BEGIN

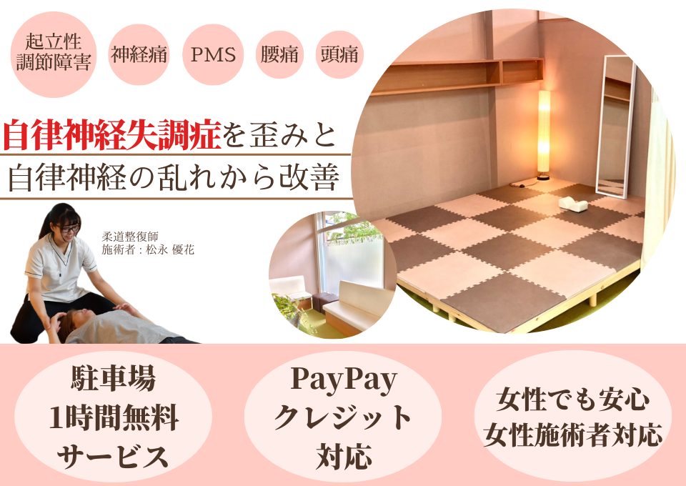 当院は、肩こり・腰痛・ホルモンバランスの乱れによる不定愁訴などの改善を得意とする自律神経特化の整体院です。
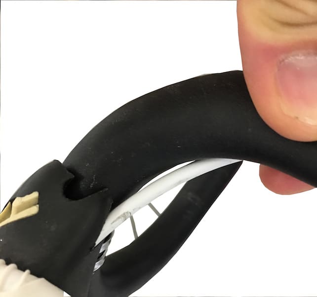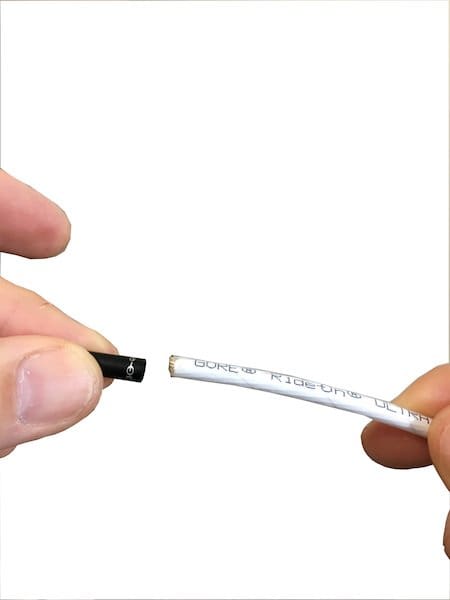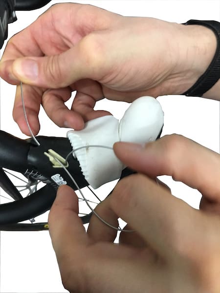 Ils serviront à isoler les gaines des butées sur le cadre. Mais surtout, ils vont permettre aux gaines de conserver leur intégrité en évitant que les fils d’acier qui les composent ne bougent ne perturbent le passage des câbles.
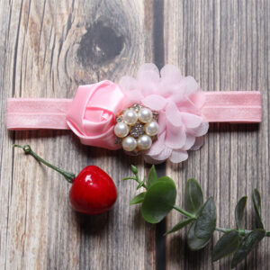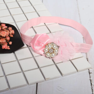 Băng đô có màu hồng nổi bật, được trang trí một cách khéo léo bởi các bông hoa đẹp mắt. Đặc biệt, trên bông hoa lại được gắn những viên ngọc trai lấp lánh, vô cùng nổi bật, chắc chắn sẽ khiến bé yêu thích thú.
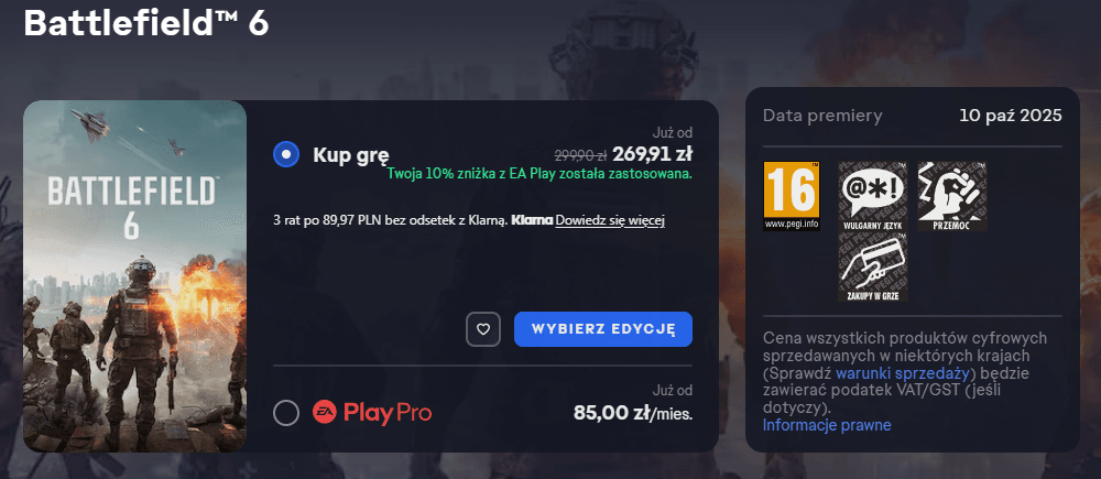 Edycja premierowa Battlefield 6 kosztuje 299,99 zł na PC, a na konsolach nawet 339 zł – to spory wydatek dla wielu graczy. Jednak są sposoby, żeby zagrać znacznie taniej.

END

Brief:
Every line above is to be duplicated exactly; no picture should be carried over.

Solution to the problem:
 当院は、肩こり・腰痛・ホルモンバランスの乱れによる不定愁訴などの改善を得意とする自律神経特化の整体院です。
 Ils serviront à isoler les gaines des butées sur le cadre. Mais surtout, ils vont permettre aux gaines de conserver leur intégrité en évitant que les fils d’acier qui les composent ne bougent ne perturbent le passage des câbles.
 Băng đô có màu hồng nổi bật, được trang trí một cách khéo léo bởi các bông hoa đẹp mắt. Đặc biệt, trên bông hoa lại được gắn những viên ngọc trai lấp lánh, vô cùng nổi bật, chắc chắn sẽ khiến bé yêu thích thú.
 Edycja premierowa Battlefield 6 kosztuje 299,99 zł na PC, a na konsolach nawet 339 zł – to spory wydatek dla wielu graczy. Jednak są sposoby, żeby zagrać znacznie taniej.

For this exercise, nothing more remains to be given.